Market-Wide Risks – OCIE intends to examine firms with a view toward structural risks and trends that may impact a multitude of market participants or entire industries. In coordination with the Division of Trading and Markets and the Division of Investment Management, OCIE expects to review large broker-dealers and asset managers as potential sources of systemic risk, and will continue its risk-based examinations of systemically important clearing agencies as required by the Dodd-Frank Act. Cybersecurity will also be a continuing area of focus for OCIE, which will expand last year’s initiative to assess cybersecurity controls across a range of firms, including broker-dealers and investment advisers. Finally, OCIE will evaluate broker-dealers’ compliance with their best execution duties in routing equity order flow, examining whether brokers are prioritizing trading venues based on credits or payments for order flow.
Data Analytics – OCIE reports that significant enhancements to its data analytics capabilities made over the past several years have enabled it to more efficiently analyze large amounts of data. OCIE intends to use these capabilities to focus on broker-dealers and registered representatives, among others, that appear to be engaged in potentially fraudulent or illegal activity. Data analytics will be used by OCIE to locate registered representatives with checkered disciplinary histories, and to examine firms that employ them.

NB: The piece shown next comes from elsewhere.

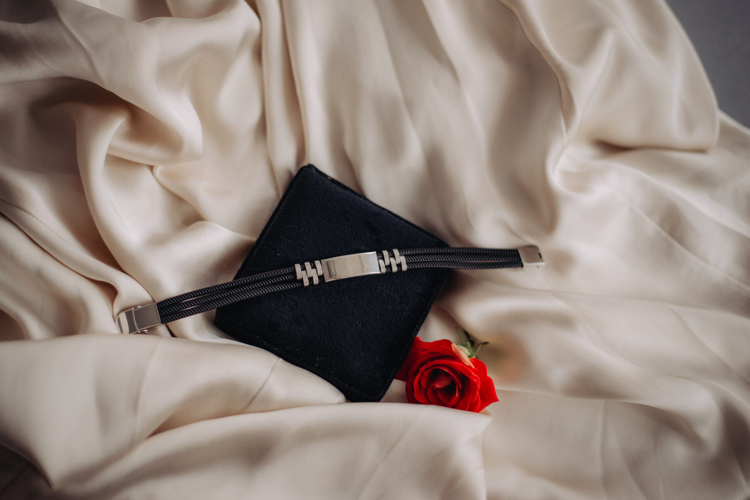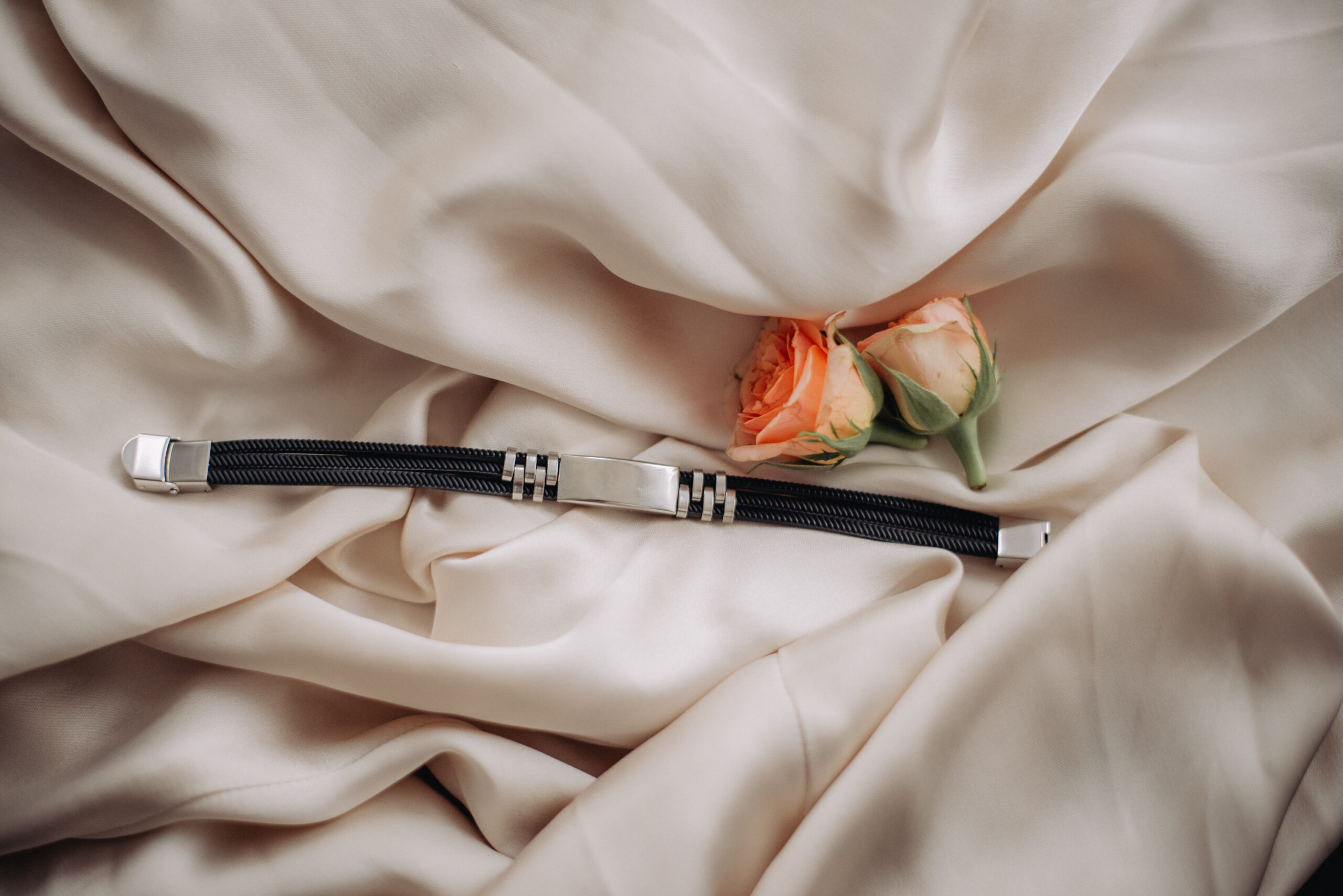 Bransoletka składa się z paska (sznurek jubilerski) oraz blaszki wykonanej ze stali antyalergicznej, przystosowanej do wykonania na niej personalizacji w postaci trwałego graweru.

Data analytics will also be used to monitor broker and transfer agent activity in order to identify potential microcap fraud (e.g., pump and dump schemes and other market manipulation), as well as excessive trading. Additionally, OCIE intends to employ data analytics to more effectively monitor clearing brokers’ and introducing brokers’ compliance with anti-money laundering (AML) regulations.
Other Initiatives – In addition to the three main areas of focus listed above, the examination priorities list includes a number of other areas where OCIE intends to allocate resources in 2015, including newly-registered municipal advisors, proxy services, never-before-examined investment companies, private equity fees and expenses (an area where OCIE has apparently found a high level of deficiencies during exams) and transfer agents (particularly those involved with microcap securities and private offerings).
Conclusion – OCIE notes that the priorities list is not exhaustive and may evolve over the course of the coming year based on market conditions, ongoing risk assessments and industry developments, as well as tips, complaints and referrals from investors and others. Moreover, data analytics, which have also been successfully deployed by the SEC’s Division of Enforcement, will undoubtedly have a significant ongoing influence on OCIE’s priorities. In any event, SEC-regulated entities would be well-served to take the 2015 examination priorities list into account when evaluating their current and planned business activities, and assessing the sufficiency of their compliance infrastructure and controls.